Task details
An exact transcription of every entry is required, with the images left out.

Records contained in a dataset
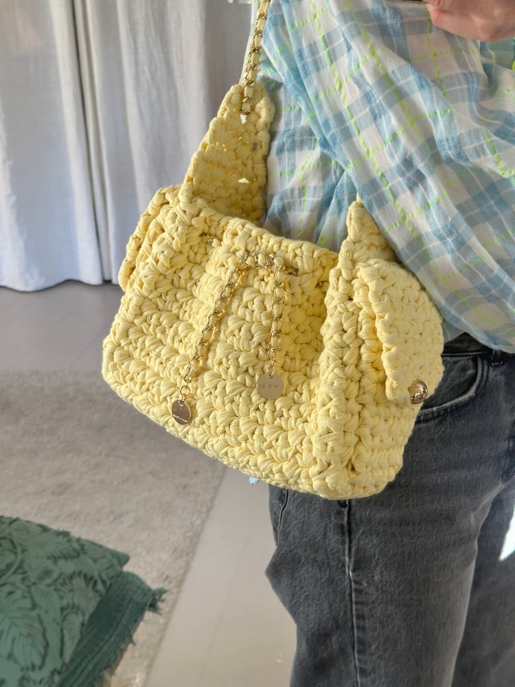 Sac forme balluchon reporter avec 2 poches plaquées de côté, fermées par un bouton doré .
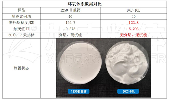 表1:低吸油活性鈣在環氧膠粘劑中的效果
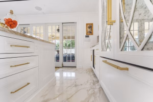 4. Gold Hardware: Against the pristine white backdrop, gold hardware serves as jewelry for the kitchen. These metallic accents add warmth and luxury, proving that sometimes, less really is more. The carefully chosen hardware complements the mirrored panels, creating a cohesive and sophisticated look.
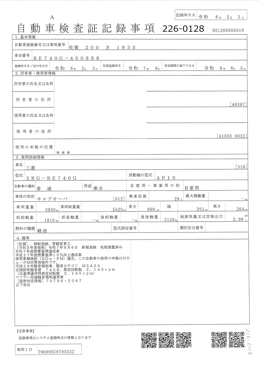 | 車両形式 | 2RG-BE740G | エンジン馬力 | 175PS |
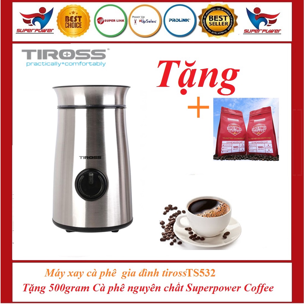 (Quà tặng) Máy xay cà phê tiross TS530,TS531 tặng 500 gram cà phê nguyên chất Superpower

Your response
 Sac forme balluchon reporter avec 2 poches plaquées de côté, fermées par un bouton doré .
 表1:低吸油活性鈣在環氧膠粘劑中的效果
 4. Gold Hardware: Against the pristine white backdrop, gold hardware serves as jewelry for the kitchen. These metallic accents add warmth and luxury, proving that sometimes, less really is more. The carefully chosen hardware complements the mirrored panels, creating a cohesive and sophisticated look.
 | 車両形式 | 2RG-BE740G | エンジン馬力 | 175PS |
 (Quà tặng) Máy xay cà phê tiross TS530,TS531 tặng 500 gram cà phê nguyên chất Superpower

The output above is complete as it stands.